[Your objective]: Strip the pictures, then copy the remaining data exactly as it stands.

*** Listed records Section Begins ***

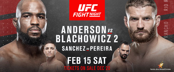TOP LIGHT HEAVYWEIGHT CONTENDERS (#5) COREY ANDERSON AND (#6) JAN BLACHOWICZ REMATCH IN RIO RANCHO UFC® is set to make its debut at Santa Ana Star Center in Rio Rancho, N.M. with a critical rematch in the light heavyweight division, No. 5 ranked Corey Anderson and No. 6 Jan Blachowicz each look to secure the … Continue reading TOP LIGHT HEAVYWEIGHT CONTENDERS (#5) COREY ANDERSON AND (#6) JAN BLACHOWICZ REMATCH IN RIO RANCHO
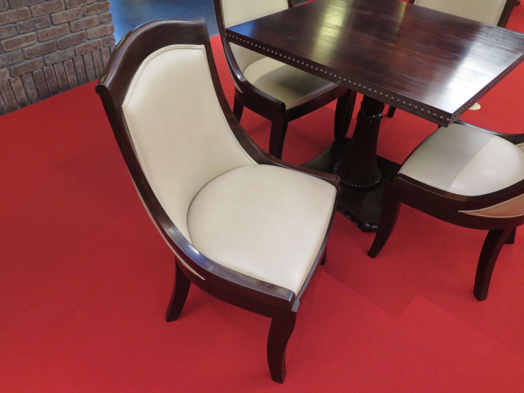 Wooden Table w/ Pedestal Base 36"x36"x30"H & 4 Wooden Upholstered Chairs 38"H
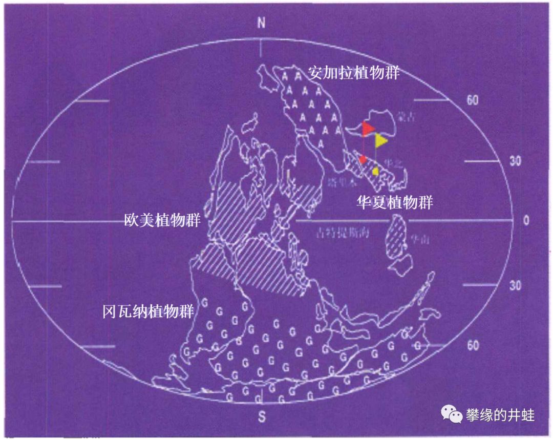 这里稍微介绍一下晚古生代有四大植物地理区系。除了华夏植物区(Cathaysia Floral Province)之外,还有主要覆盖西伯利亚地区的安加拉植物区(Angaran Floral Province);位于泛古陆中部,横跨赤道两侧的欧美植物区(Euramerican Floral Province);以及南半球寒冷地带的冈瓦纳植物区(Gondwanan Floral Province)。位置如上图所示,图片来源自[8]。当然各分区会有过渡和重叠,具体边界还存在争议。植物演化受各分区独特的地理气候条件影响,出现了明显的差异。关于晚古生代的植物区系,推荐阅读豹子的科普文章:《“闲聊”晚古生代的植物区系》[8]。
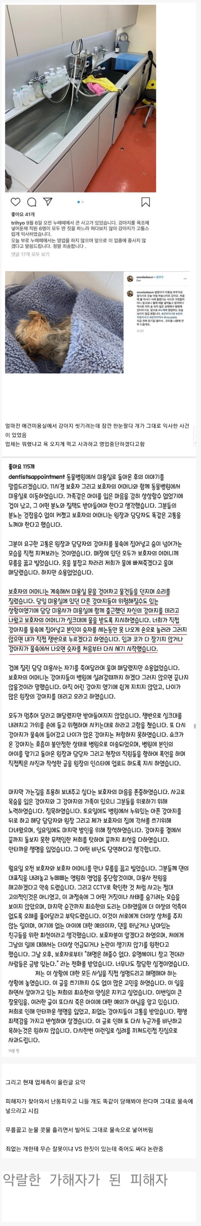 ------------------------ 원내용 짤이 있어 그걸로 대체했습니다. 찾아보니 사고 당사자분 인스타는 날라갔다하네요. https://www.instagram.com/dentistsappointment/ 좀 더 자세히 정리되어있는 블로그글이네요 https://blog.naver.com/jewriell/221641001437 https://blog.naver.com/jewriell/221646049690 0
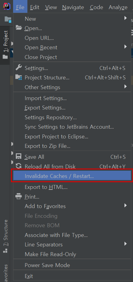 File - Invalidate Caches / Restart... 클릭
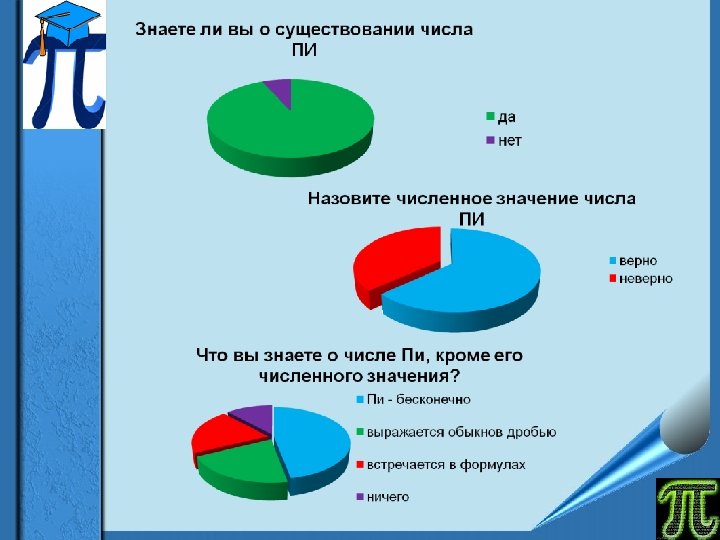 Анкетирование v. Знаете ли вы о существовании числа ? v. Назовите численное значение числа . v. Что вы знаете о числе , кроме его численного значения?
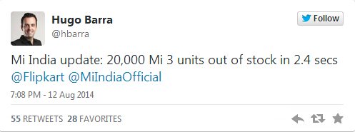 小米全球副总裁雨果·巴拉(Hugo Barra)在Twitter上公布了这一消息:20000部小米3在印度市场于2.4秒内售罄。
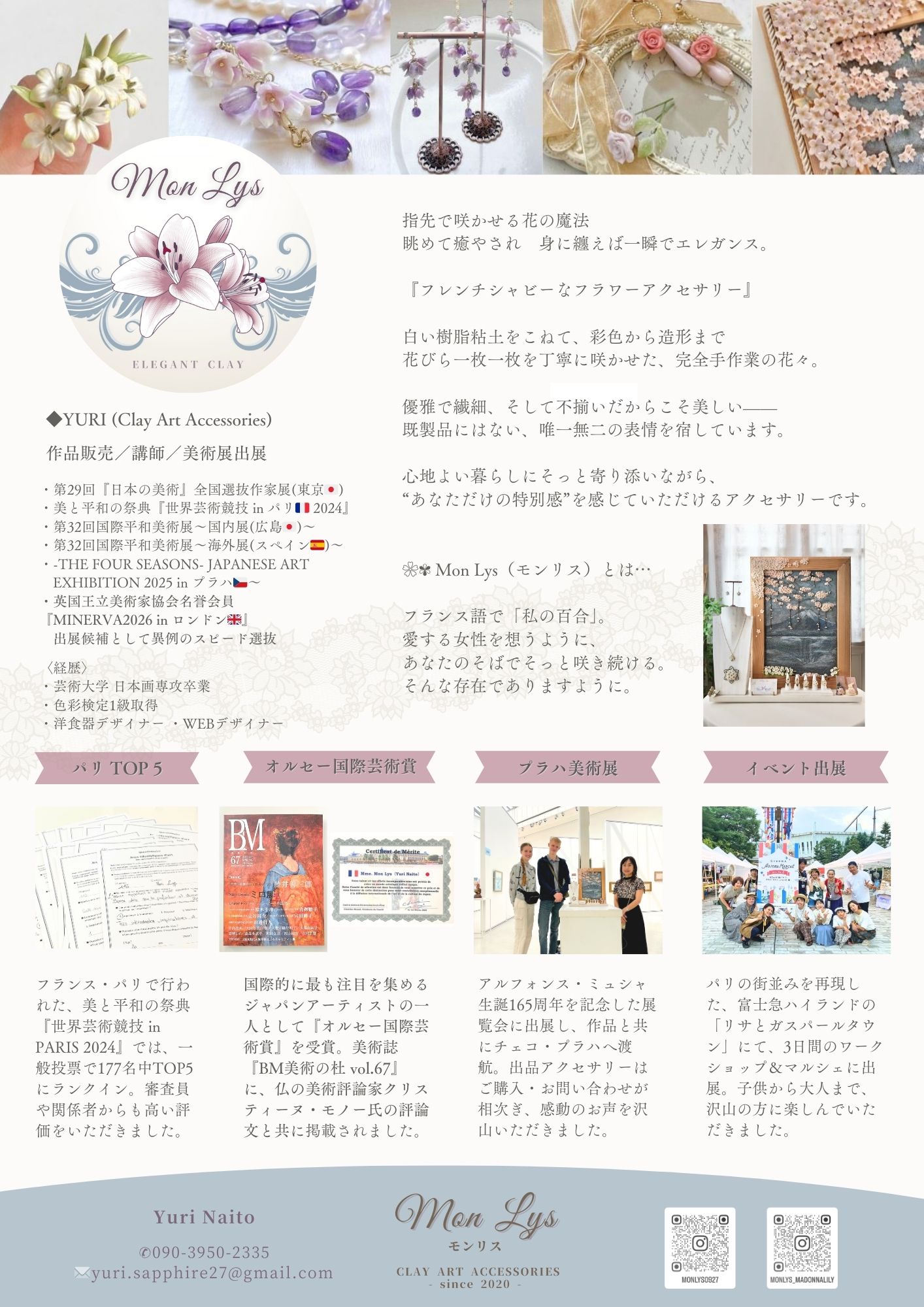 現在は、クレイアートアクセサリーブランド「Mon Lys」を運営。
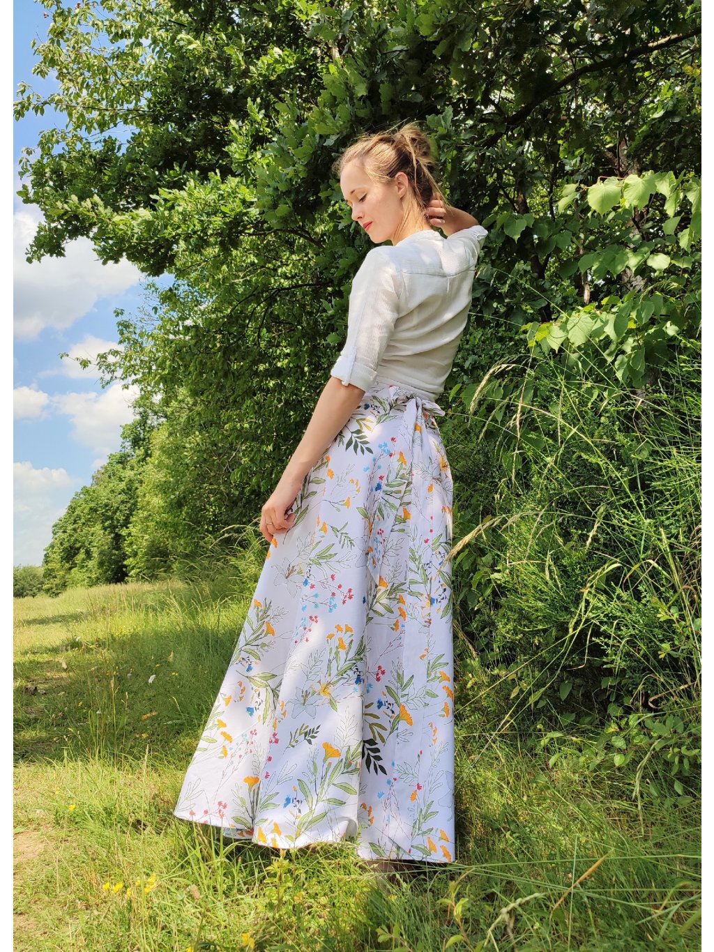 Veselá, zavinovací sukně půlkolového střihu.

*** Listed records Section Ends ***

[The completed task]:
TOP LIGHT HEAVYWEIGHT CONTENDERS (#5) COREY ANDERSON AND (#6) JAN BLACHOWICZ REMATCH IN RIO RANCHO UFC® is set to make its debut at Santa Ana Star Center in Rio Rancho, N.M. with a critical rematch in the light heavyweight division, No. 5 ranked Corey Anderson and No. 6 Jan Blachowicz each look to secure the … Continue reading TOP LIGHT HEAVYWEIGHT CONTENDERS (#5) COREY ANDERSON AND (#6) JAN BLACHOWICZ REMATCH IN RIO RANCHO
 Wooden Table w/ Pedestal Base 36"x36"x30"H & 4 Wooden Upholstered Chairs 38"H
 这里稍微介绍一下晚古生代有四大植物地理区系。除了华夏植物区(Cathaysia Floral Province)之外,还有主要覆盖西伯利亚地区的安加拉植物区(Angaran Floral Province);位于泛古陆中部,横跨赤道两侧的欧美植物区(Euramerican Floral Province);以及南半球寒冷地带的冈瓦纳植物区(Gondwanan Floral Province)。位置如上图所示,图片来源自[8]。当然各分区会有过渡和重叠,具体边界还存在争议。植物演化受各分区独特的地理气候条件影响,出现了明显的差异。关于晚古生代的植物区系,推荐阅读豹子的科普文章:《“闲聊”晚古生代的植物区系》[8]。
 ------------------------ 원내용 짤이 있어 그걸로 대체했습니다. 찾아보니 사고 당사자분 인스타는 날라갔다하네요. https://www.instagram.com/dentistsappointment/ 좀 더 자세히 정리되어있는 블로그글이네요 https://blog.naver.com/jewriell/221641001437 https://blog.naver.com/jewriell/221646049690 0
 File - Invalidate Caches / Restart... 클릭
 Анкетирование v. Знаете ли вы о существовании числа ? v. Назовите численное значение числа . v. Что вы знаете о числе , кроме его численного значения?
 小米全球副总裁雨果·巴拉(Hugo Barra)在Twitter上公布了这一消息:20000部小米3在印度市场于2.4秒内售罄。
 現在は、クレイアートアクセサリーブランド「Mon Lys」を運営。
 Veselá, zavinovací sukně půlkolového střihu.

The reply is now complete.